Zugegeben, es ist nicht das Talent, von dem ich immer geträumt habe, aber irgendwie macht es das noch aufregender. Es ist ein Neuanfang, ein Weg, meine Schwester und mich zu retten, die Tür zu einem Luxusleben, das ich mir nie auch nur vorzustellen gewagt habe. Das Gewicht des Steins drückt auf meine Brust – er ist so nah. In mir brennt eine Begierde, die ich mir in dieser Stärke nie zuvor zugestanden habe.
Ich muss ihn haben.
»Das Ganze hat natürlich seinen Preis«, ergänzt Dahlia.
»Alles, was Sie wollen!«, versichere ich, ohne nachzudenken. Das Echo meiner Stimme hallt durch den Keller.

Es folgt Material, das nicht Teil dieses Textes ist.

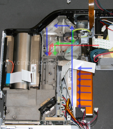 Wir beginnen mit dem roten Anteil, der von einer LED emittiert wird. Letztere befindet sich rechts im Bild und wird von einem Flachbandkabel verdeckt. Sie leuchtet geradewegs durch einen halbdurchlässigen Spiegel hindurch (langer roter Pfeil), bevor der Lichtstrahl durch einen halbdurchlässigen Spiegel nach unten in den verkapselten Lichtweg umgeleitet wird. Von hier wird es auf den DMD gelenkt, der die Helligkeitsanteile pixelbasierend moduliert, bevor es den Projektor durch die lange Optik verlässt.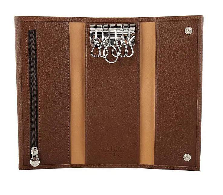 Стильный кожаный футляр на 6 ключей, внутри небольшое отделение на молнии. Закрывается на 2 кнопки.
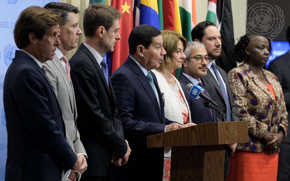 Along with representatives of Albania, Ireland, Kenya, Mexico, Norway, the United Kingdom, and the United Arab Emirates,Vice-President of Brazil and President of United Nations Security Council for the month of July Antônio Hamilton Martins Mouro briefs reporters on the joint initiative for women, peace, and security in Haiti on July 21,2022 –UN Photo by Manuel Elias

Das Lächeln, das sich auf ihren Lippen ausbreitet, ist so atemberaubend schön, dass es fast schon unheimlich ist. »Ich hatte gehofft, dass du das sagen würdest. Weißt du, Cleo, in meiner Branche sind gute Verbindungen das A und O. Ich brauche Leute, denen ich vertrauen kann. Kann ich dir vertrauen?«
Ich nicke augenblicklich, obwohl irgendwo in meinem Hinterkopf die Alarmglocken schrillen. Wer ist Dahlia? Ich bin dem Namen Sibille noch nie begegnet, nicht mal, als Vater noch die Kleider für den Großteil der feinen Gesellschaft geschneidert hat. Mich mit ihr zu verbünden, wäre garantiert ein Fehler. Aber die Energie, die die Kette auf meiner Haut ausstrahlt, ist zu stark, und tief in meinem Inneren weiß ich, dass ich alles dafür tun würde, um sie zu besitzen. Um meine Schwester zu retten. Um mein Schicksal zu ändern.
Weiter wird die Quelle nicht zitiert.